Maintainability and flexibility of the codebase: The constraint of high code coverage guides developers towards better coding practices which ultimately results in a codebase that is easier to maintain and adapt, e.g. the SOLID principles, the Test-Driven Development (TDD) approach …

The codebase

We previously discussed the concerns and the drivers, let’s dive into the organization of the codebase.

Divide to conquer

The initial step involves breaking down the codebase.

DDD Modules

In Domain-Driven Design (DDD), a module functions as a method to divide a complicated system into smaller, more understandable segments. Each module usually embodies a particular segment of the domain, encompassing associated ideas and functions. For example, in an E-Commerce system, there might be a module dedicated to the catalog and another focused on orders, etc.

In the structure of the codebase, a DDD module is decomposed into individual components. Each component fulfills a specific function. These functions are defined by the drivers.

Metamodel of the codebase: the foundation

Port/Adapter Architecture

Typically, the definition of hexagons is influenced by business considerations, as they correspond to the DDD (Domain-Driven Design) Modules. Nonetheless, the internal organization of the hexagons leans towards a technology-centric approach. This includes, firstly, the architectural segregation into core components, ports, and adapters. Secondly, it encompasses the assembly of these hexagons into a cohesive unit: the deliverable.

The illustration below depicts the hexagon of the Port/Adapter Architecture, showcasing the core exposing ports which are used or implemented by the adapters. The driving adapters interact with external systems, while the driven adapters encapsulate the implementation of the core’s contracts.

Port/Adapter Architecture: the hexagon

For instance, the implemenation of the REST API exposing the services of the core is located in the driving adapter. On the other hand, the implementation of the RDBMS repository is located in the driven adapter.

The usage of Port/Adapter Architecture leads to the definition of four main component kinds:

Core: the core component contains the business logic and the domain model as well as the ports
Driving Adapter: the driving adapter contains implementation leveraging on the respective driving ports in the core
Driven Adapter: the driven adapter contains the implementation of the respective driven ports in the core
Deliverable: the deliverable component embeds all the components of the hexagon and provides a cohesive unit as an executable or a library

Metamodel of the codebase: with the hexagon’s component

Service Providers and Service Consumers

Typically, an enterprise application consists of various modules that interact with each other. To facilitate smoother integration among these modules, it’s common practice for a service provider to offer client implementations of its driving ports. This approach allows a service consumer to directly utilize these implementations, saving significant time. From the perspective of the service consumer, these clients serve as externally driven adapters.
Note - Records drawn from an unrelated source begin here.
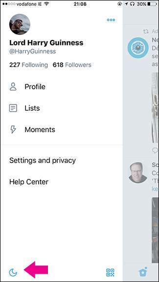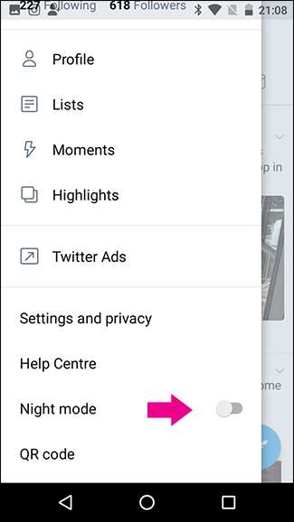 W systemie Android przełącz przełącznik z napisem Tryb nocny. W systemie iOS dotknij małej ikony półksiężyca.
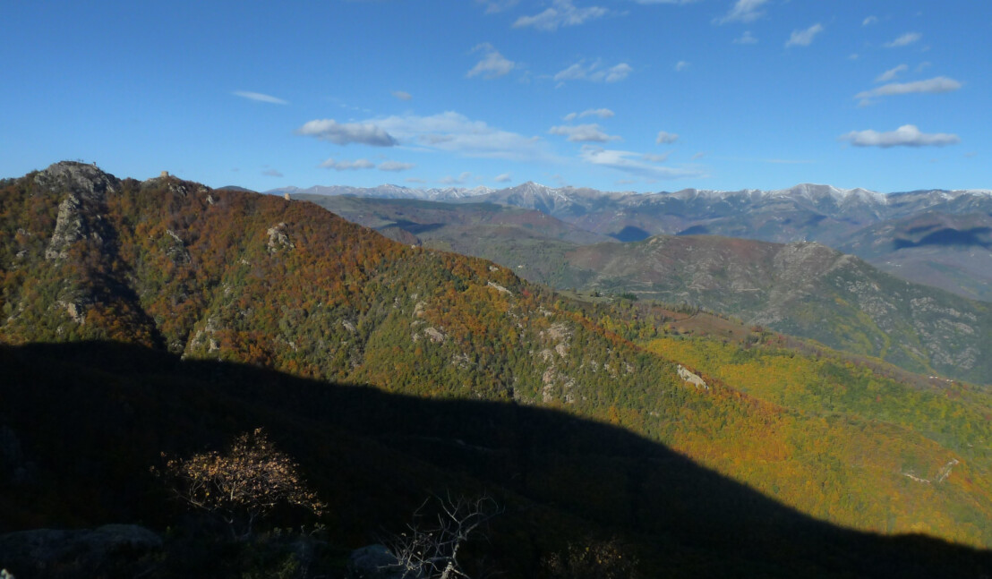 Vue générale sur le Haut-Vallespir avec les 3 tours de Cabrenç sur la gauche.
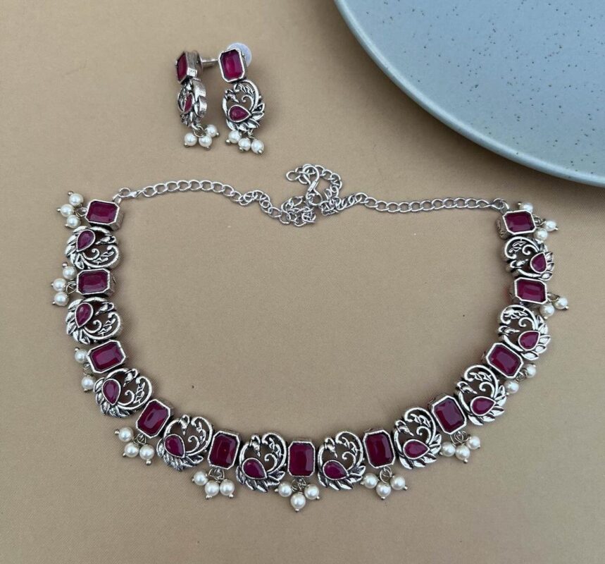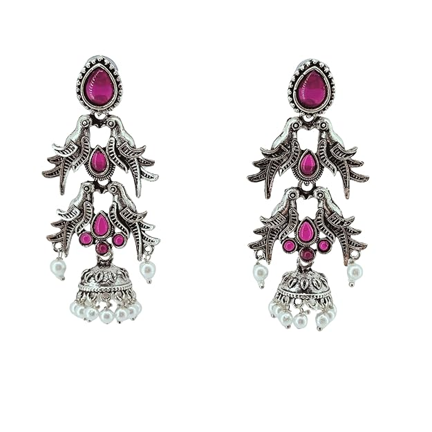 Nimaya Traditional Oxidised Bird Motif Earrings with Pink Stones & Pearl Jhumka Drops for Women & Girls
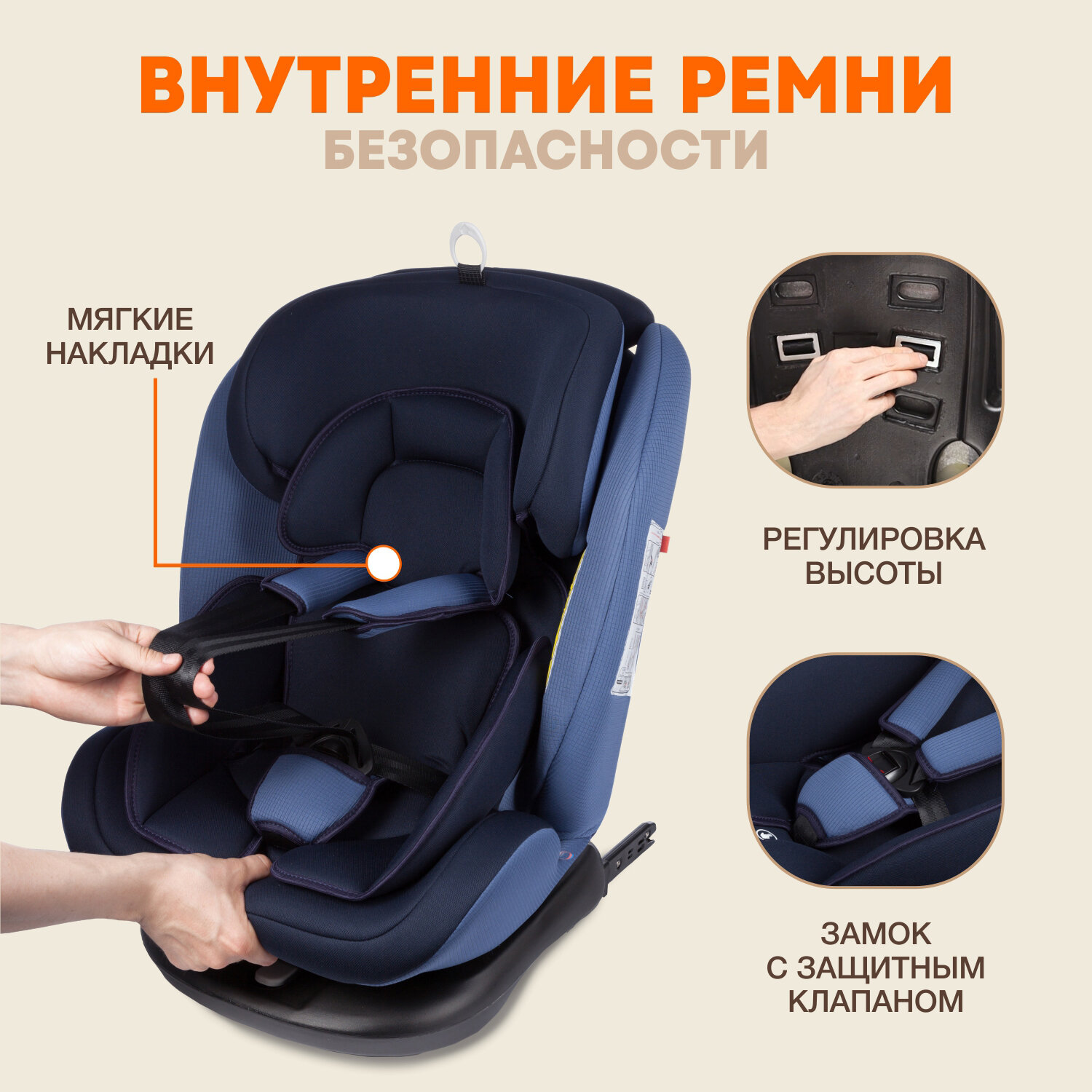 | Регулировка | наклон спинки / внутренние ремни / высота подголовника |

To further streamline integration, the service provider may also provide access to these driving ports through an API bundle. Consequently, a service consumer can integrate these directly into its core, leveraging the service provider’s client implementations for seamless interaction without the need for additional integration efforts.

Port/Adapter Architecture: the client and API

This lead to two new component kinds:

API: the api component contains the driving ports of the core
Client: the client component contains the implementation of the driving ports

Metamodel of the codebase: with the service’s components

Common stuff

Enterprise applications and their components frequently depend on standardized data structures and shared technical functionalities, such as data serialization, authentication … To enhance reusability, it’s a common practice to establish standard modules according to the type and technology of adapters. For example, one might implement a module that includes the data structures and behaviors necessary for all core modules. Similarly, another module could be developed to incorporate data structures and behaviors specific to driven adapters that utilize RDBMS technology.

This also lead to a new component kind:

Common: the common component contains shared data structures and behaviors

Metamodel of the codebase: with the common component

Enterprise Integration

Enterprise applications frequently interface with technological components, systems, and software applications both within an organization and across different domains. Usually, these implementations adhere to Enterprise Integration Patterns and may range from entirely custom solutions to configurations of pre-existing, off-the-shelf products.

This lead to a new component kind:

Integration: the integration component contains the implementation of the integration with external systems

Metamodel of the codebase: with the integration component

Most often, the development of integration components does not depend on the Port/Adapter Architecture. Instead, the creation of these components leans more towards scripting or configuration due to their technical nature rather than being driven by business concerns. This implies that the logic is closely linked to the specific technology and system being integrated.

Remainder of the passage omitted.